Why Do We Really Use Euler's Number For Growth? An image that asks "Why e^(rt) and not 2^(rt)?

Euler’s number is synonymous with natural growth and decay. Whenever we talk about phenomena such as population growth or investment returns, the associated mathematical formulations involve ‘e’ — Euler’s number.

Back when I first encountered this phenomenon in high school, I must admit that I just took it for granted. But over the years, if there’s one thing that I have learned, it is to question things. With the usage of Euler’s number, a simple series of questions started popping up in my head:

WHY do we use ‘e’?

Why does it HAVE to be a constant that is equal to ‘2.718281828459045…’?

Why can’t it be just ANY other constant such as ‘2’ or ‘3’ or ‘10’?”

Well, it turns out that there is a wealth of significant reasons that justify our usage of Euler’s number. These reasons not just justify its usage, but go on to show why ‘e’ is one of the most significant constants in all of mathematics.

In this essay, I start with a brief historical account of ‘e’ and then go on to explore the reasons why we use it for expressing growth and decay. In the process, I also cover certain unique properties that this constant possesses.

If you are a math enthusiast, who, like me, has always been fascinated by Euler’s number, then this essay is right up your alley! Broadly speaking, it is an attempt to explore ‘why’ we do things a certain way in mathematics. Without any further delay, let us get started.

This essay is supported by Generatebg

The Historical Journey of Euler’s Number

The Elusive Hunt

Although this might be surprising to note, Euler’s number (e) is a relative newcomer to mathematics when compared with other constants such as π. The first reference to the constant appears in an appendix to John Napier’s work on logarithms in 1618. This appendix is believed to have been written by William Oughtred. Nonetheless, there is no explicit recognition of this constant.

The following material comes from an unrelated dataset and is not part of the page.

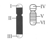 Các vùng trên mỗi nhiễm sắc thể của cặp nhiễm sắc thể giới tính XY ở người được ký hiệu bằng các chữ số La Mã từ 1 đến VI trong hình bên. Trong cặp nhiễm sắc thể giới tính này, vùng tương đồng giữa nhiễm sắc thể X và nhiễm sắc thể Y gồm các vùng nào sau đây?
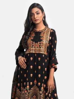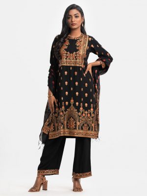 Black Viscose Straight Salwar Kameez

Several years later, in 1624, Henry Briggs seems to have given a numerical approximation of the base 10 Logarithm of ‘e’ but did not explicitly mention or recognise the constant.

In 1647, Saint-Vincent had computed the area under a rectangular hyperbola but had not recognised its connection with logarithms, and consequently, did not identify ‘e’ either. Much later, we discovered that the number ‘e’ is such that the area under a rectangular hyperbola from 1 to e is equal to 1.

Why Do We Really Use Euler’s Number For Growth? —Area under the rectangular hyperbola leading to ‘e’ (Image from Wikimedia Commons)
Area under the rectangular hyperbola leading to ‘e’ (Image from Wikimedia Commons)

In 1661, Christiaan Huygens had discovered a curve that he called “logarithmic”. In modern terms, we refer to this as the “exponential curve”, with the form: y = k*(a)^x. Huygens also managed to recognise the connection between the rectangular hyperbola and logarithms. Yet, the number ‘e’ went unrecognised.

In 1668, Nicolaus Mercator published Logarithmotechnica which contains the series expansion of log(1+x). Mercator was the first person to use the term “natural logarithm” in this work when he calculated logarithms to the base ‘e’. However, the number ‘e’ did not explicitly appear in his work.

The Unexpected Discovery

In 1683, Jacob Bernoulli had been studying the problem of compound interest and ended up showing that the value of [1+(1/n)]^n had to lie between 2 and 3 as n tends to infinity. This is arguably the first approximation of the constant ‘e’.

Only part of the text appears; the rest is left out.